Calling Hawkins, Delafield & Wood one of "the Big Four in this industry," Larisa said: "We weren't interested in on-the-job training with a $600-million deal."
He said the same of the governor's choice of brokerage houses: "All of the 'subs' were picked professionally and without any type of lobbying . . . or demands by the General Assembly that they be picked."
Yesterday's budget briefing left some legislators concerned, among them Rep. David Caprio, D-Narragansett. Suggesting the state is using tobacco money to postpone tough budget choices, he said: "The problem is not going to go away. . . . The time is now to make hard decisions."
But Fox said his committee's budget proposal reflects difficult choices, including cuts in health-care services to immigrants. He said the tobacco revenue avoids more drastic cuts and a tax increase.
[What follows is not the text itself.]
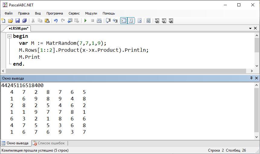 - M.Rows[1::2].Product(x->x.Product).Println;

"If you don't move it up, you don't have RIte Care, you don't have school-based health centers because you don't have the resources to pay for it," he said.
But Rep. Edith H. Ajello, D-Providence, offered one alternative: closing corporate tax "loopholes." Rep. Timothy A. Williamson, D-West Warwick, suggested another: backing the derailed West Warwick casino proposal, and coin-drop slot machines in Newport and Lincoln.
Fox said that even if the state was not in a fiscal crisis, he would support the tobacco-revenue proposal because there is no guarantee that the money will be available to the state in future years.